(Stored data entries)
··········

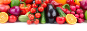 Duża kolekcja wielokolorowe soczyste warzywa i owoce izolowane na białym tle. Widok z góry.
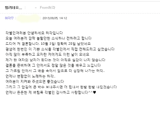 "여러분께 깜짝 놀랄만한 소식 하나 전하려고 합니다"라고 운을 뗀 그는 "드디어 저 결혼합니다. 10월 3일! 정확히 28일 남았네요. 평생에 한 번인 이 기쁜 소식을 각별인(허각 팬클럽)에서 직접 전해드리고 싶었습니다"라고 밝혔다. 이어 "아직 많이 부족하고 모자란 저에게도 이런 날이 오네요. 제가 한 여자의 남자가 된다는 것이 아직은 실감이 나지 않습니다. 결혼을 준비하며 그 안에서도 정말 많은 걸 배우고 느낍니다. 그 가르침 안에서 그 배움 속에서 앞으로 더 성장해 나가는 허각. 언제나 변함없이 노래하는 허각. 여러분이 지켜봐 주셨으면 좋겠습니다"라고 전했다. 또 "그 앞길에 큰 박수 보내주시면 더 힘내서 한발한발 내딛겠습니다. 언제나 든든한 제 버팀목 각별인 감사하고 사랑합니다"라고 덧붙였다.
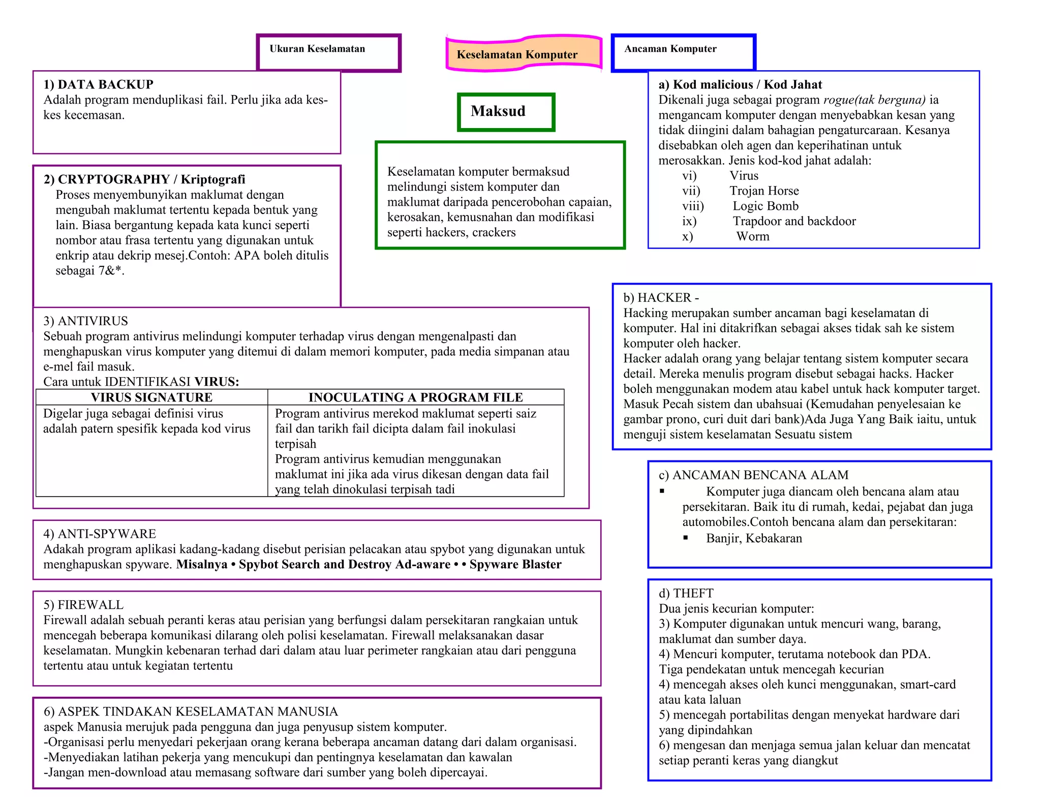 2) Ancaman komputer termasuk kod jahat, hacker, bencana alam, dan kecurian komputer atau maklumat. Langkah-langkah perlu diambil untuk menangani ancaman-ancaman ini.
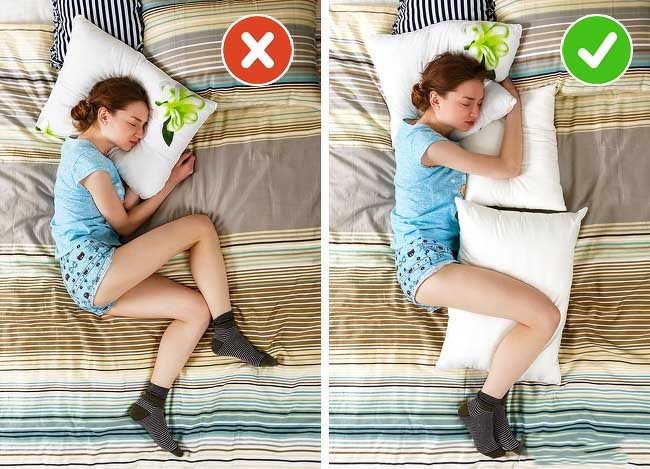 Co người khi ngủ, tư thế này còn được gọi là tư thế bào thai, co cụm tròn người như em bé vì vậy nhiều bạn sẽ thấy thoải mái hơn, nhưng nằm quá lâu dễ bị đau mỏi lưng. Giải pháp cho bạn là sử dụng gối kê xung quanh bụng, giữa 2 khớp gối.
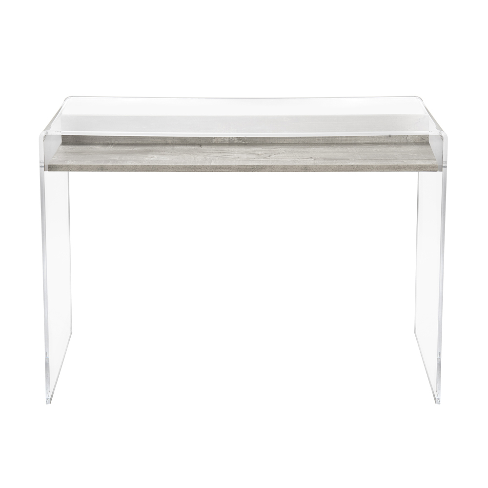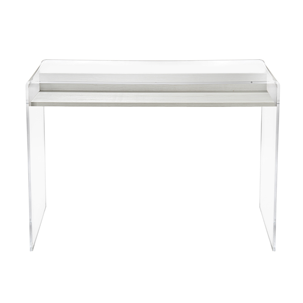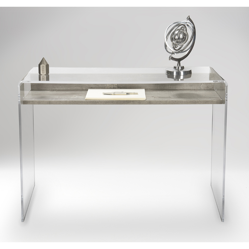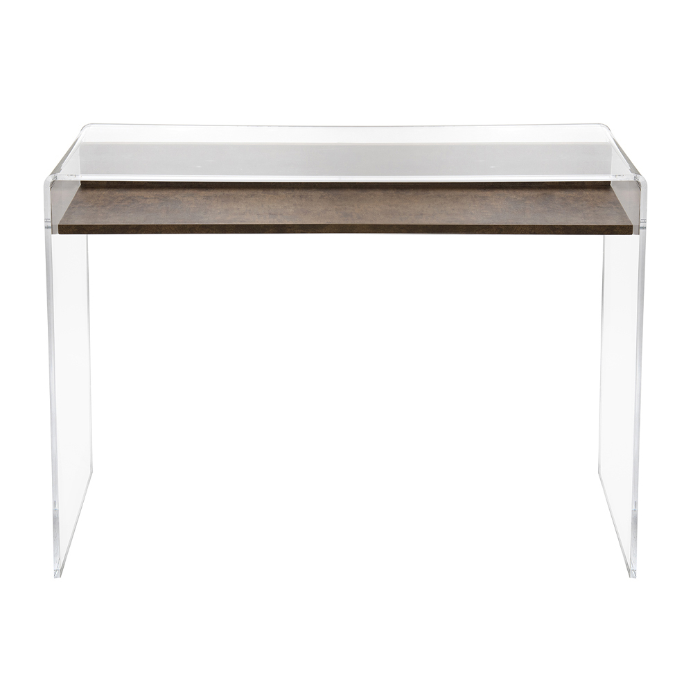 Modern design desk in transparent laser cut plexiglass with wooden shelf, made in Italy design.

··········

WHAT TO DO: Only the lines from the line with "Co người khi" through the closing line of the data, both included, should be set down, exactly as written and without pictures.

RESPONSE TO THE EXERCISE:
 Co người khi ngủ, tư thế này còn được gọi là tư thế bào thai, co cụm tròn người như em bé vì vậy nhiều bạn sẽ thấy thoải mái hơn, nhưng nằm quá lâu dễ bị đau mỏi lưng. Giải pháp cho bạn là sử dụng gối kê xung quanh bụng, giữa 2 khớp gối.
 Modern design desk in transparent laser cut plexiglass with wooden shelf, made in Italy design.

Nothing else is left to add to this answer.